Referring now to FIG. 6, FIG. 6 illustrates an example item listing system 600 computing environment in which implementations of the present disclosure may be employed. In particular, FIG. 6 shows a high level architecture of an example item listing platform 610 that can host a technical solution environment, or a portion thereof. It should be understood that this and other arrangements described herein are set forth as examples. For example, as described above, many elements described herein may be implemented as discrete or distributed components or in conjunction with other components, and in any suitable combination and location. Other arrangements and elements (e.g., machines, interfaces, functions, orders, and groupings of functions) can be used in addition to or instead of those shown.

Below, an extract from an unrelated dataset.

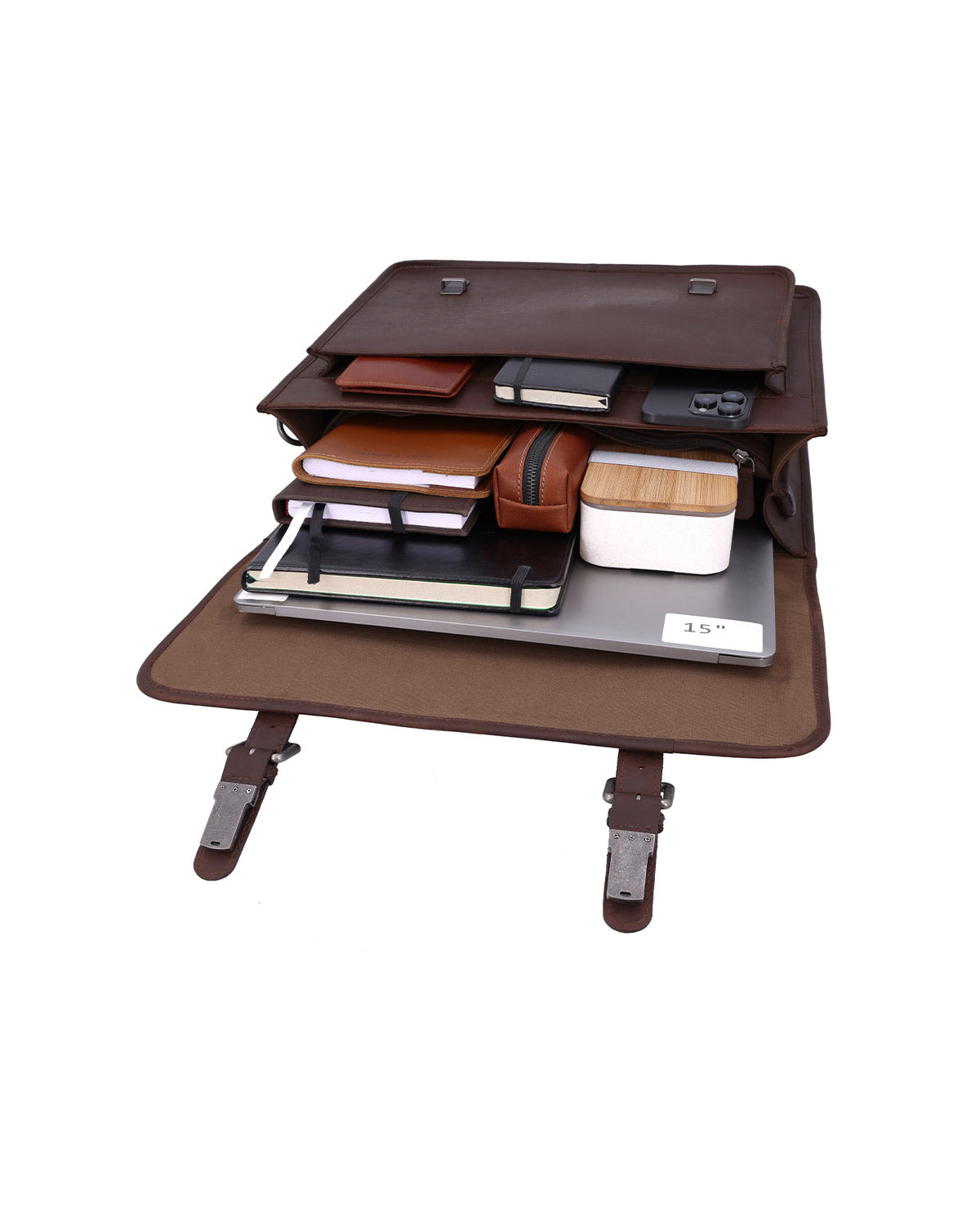 "Elmar" ja sen avara, keskeltä jaettu pääosasto tarjoavat ilman ongelmia tilaa DIN A4 -kansioille ja kaikenlaisille asiakirjakansioille, samoin kuin kalenterille, kirjoitusvälineille, lounaspaketille, pienelle juomapullolle jne. Teknologiset laitteet, joiden koko on enintään 15", mahtuvat erityisesti laukun suunnitteluun integroituna laptop-osastoon. Myös keskelle sijoitettu vetoketjutasku sekä erilaiset pistotaskut ja "Elmarin" etupuolella oleva tasku tarjoavat mahdollisuuden säilyttää pienempiä tavaroita käden ulottuvilla ilman, että niitä tarvitsee etsiä pitkään. Pituussäädettävä ja irrotettava olkahihna mahdollistaa "Elmarin" ihanteellisen mukauttamisen yksilöllisiin kantotottumuksiisi, kun taas kaksi napsautuslukkoa piikkisoljen ilmeessä varmistavat, että kaikki on suojattu pölyltä ja kosteudelta matkalla.
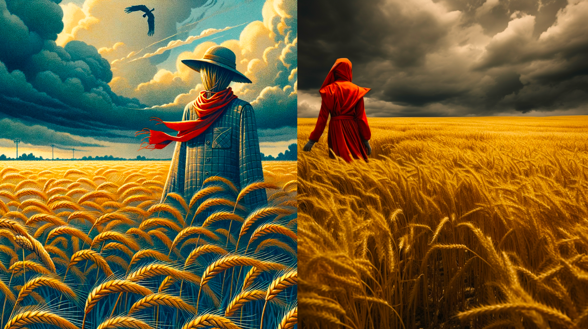 รูปภาพ Dall-E 3 มีสไตล์ภาพประกอบที่มีรายละเอียดพร้อมโทนสีทองที่อบอุ่น แสดงให้เห็นรูปร่างที่เหมือนหุ่นไล่กา ในทางตรงกันข้าม ภาพของ Midjourney ให้ความรู้สึกเหมือนภาพถ่ายมากกว่า โดยเน้นที่ร่างที่ปิดบังอยู่ในพายุที่กำลังก่อตัว ซึ่งวาดด้วยโทนสีซีเปีย มันพลาดหุ่นไล่กาไปอย่างสิ้นเชิง

The item listing system 600 can be a cloud computing environment that provides computing resources for functionality associated with the item listing platform 610. For example, the item listing system 600 supports delivery of computing components and services-including servers, storage, databases, networking, applications, and machine learning associated with the item listing platform 610 and client device 620. A plurality of client devices (e.g., client device 620) include hardware or software that access resources on the item listing system 600. Client device 620 can include an application (e.g., client application 622) and interface data (e.g., client application interface data 624) that support client-side functionality associated with the item listing system. The plurality of client devices can access computing components of the item listing system 600 via a network (e.g., network 630) to perform computing operations.

The item listing platform 610 is responsible for providing a computing environment or architecture that includes the infrastructure that supports providing item listing platform functionality (e.g., e-commerce functionality). The item listing platform support storing item in item databases and providing a search system for receiving queries and identifying search results based on the queries. The item listing platform may also provide a computing environment with features for managing, selling, buying, and recommending different types of items. Item listing platform 610 can specifically be for a content platform such as EBAY content platform or e-commerce platform, developed by EBAY INC., of San Jose, California.

The item listing platform 610 can provide item listing operations 630 and item listing interfaces 640. The item listing operations 630 can include service operations, communication operations, resource management operations, security operations, and fault tolerance operations that support specific tasks or functions in the item listing platform 610. The item listing interfaces 640 can include service interfaces, communication interfaces, resource interfaces, security interfaces, and management and monitoring interfaces that support functionality between the item listing platform components. The item listing operations 630 and item listing interfaces 640 can enable communication, coordination and seamless functioning of the item listing system 600.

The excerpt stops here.